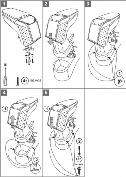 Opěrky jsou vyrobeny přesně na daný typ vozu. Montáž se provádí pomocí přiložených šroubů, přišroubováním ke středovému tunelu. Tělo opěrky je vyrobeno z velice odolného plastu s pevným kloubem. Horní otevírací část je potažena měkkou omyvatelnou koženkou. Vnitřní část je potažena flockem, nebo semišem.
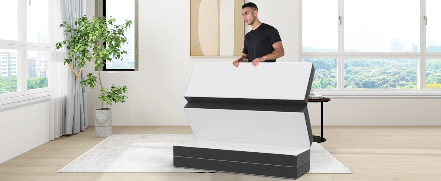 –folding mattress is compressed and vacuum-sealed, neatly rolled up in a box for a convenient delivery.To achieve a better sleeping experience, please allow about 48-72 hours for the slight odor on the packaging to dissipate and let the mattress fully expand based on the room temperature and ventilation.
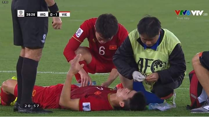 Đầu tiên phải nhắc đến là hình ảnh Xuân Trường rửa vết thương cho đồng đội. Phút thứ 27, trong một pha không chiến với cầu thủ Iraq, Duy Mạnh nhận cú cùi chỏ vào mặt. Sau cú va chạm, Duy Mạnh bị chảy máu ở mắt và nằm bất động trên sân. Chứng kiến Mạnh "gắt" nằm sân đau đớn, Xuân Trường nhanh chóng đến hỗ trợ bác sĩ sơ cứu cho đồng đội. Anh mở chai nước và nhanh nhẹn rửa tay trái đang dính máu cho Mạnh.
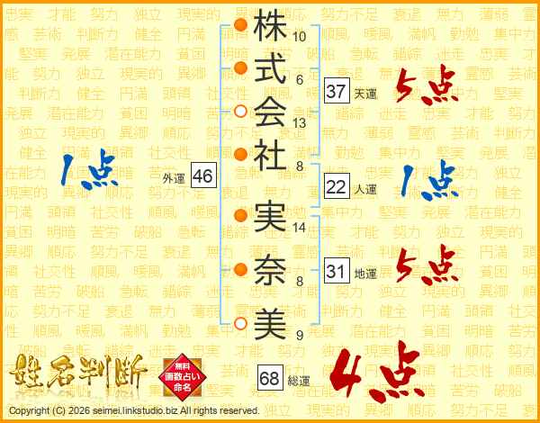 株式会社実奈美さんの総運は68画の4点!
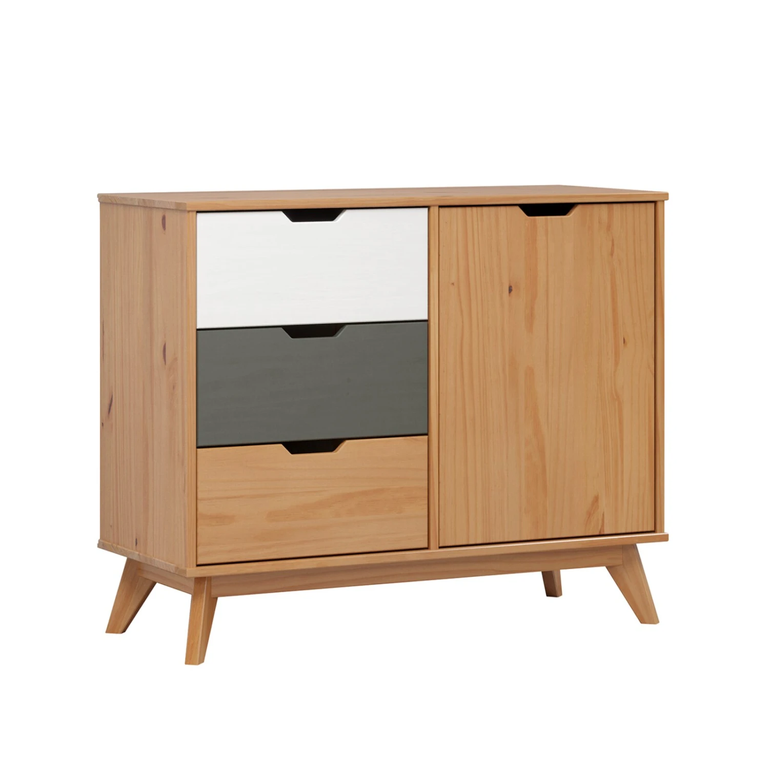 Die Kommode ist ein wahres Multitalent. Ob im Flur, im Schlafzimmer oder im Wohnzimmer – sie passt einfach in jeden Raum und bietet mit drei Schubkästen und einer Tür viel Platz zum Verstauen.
#####
### Task
Could you repeat the entries word for word, skipping the pictures they contain?

### Your solution
 Opěrky jsou vyrobeny přesně na daný typ vozu. Montáž se provádí pomocí přiložených šroubů, přišroubováním ke středovému tunelu. Tělo opěrky je vyrobeno z velice odolného plastu s pevným kloubem. Horní otevírací část je potažena měkkou omyvatelnou koženkou. Vnitřní část je potažena flockem, nebo semišem.
 –folding mattress is compressed and vacuum-sealed, neatly rolled up in a box for a convenient delivery.To achieve a better sleeping experience, please allow about 48-72 hours for the slight odor on the packaging to dissipate and let the mattress fully expand based on the room temperature and ventilation.
 Đầu tiên phải nhắc đến là hình ảnh Xuân Trường rửa vết thương cho đồng đội. Phút thứ 27, trong một pha không chiến với cầu thủ Iraq, Duy Mạnh nhận cú cùi chỏ vào mặt. Sau cú va chạm, Duy Mạnh bị chảy máu ở mắt và nằm bất động trên sân. Chứng kiến Mạnh "gắt" nằm sân đau đớn, Xuân Trường nhanh chóng đến hỗ trợ bác sĩ sơ cứu cho đồng đội. Anh mở chai nước và nhanh nhẹn rửa tay trái đang dính máu cho Mạnh.
 株式会社実奈美さんの総運は68画の4点!
 Die Kommode ist ein wahres Multitalent. Ob im Flur, im Schlafzimmer oder im Wohnzimmer – sie passt einfach in jeden Raum und bietet mit drei Schubkästen und einer Tür viel Platz zum Verstauen.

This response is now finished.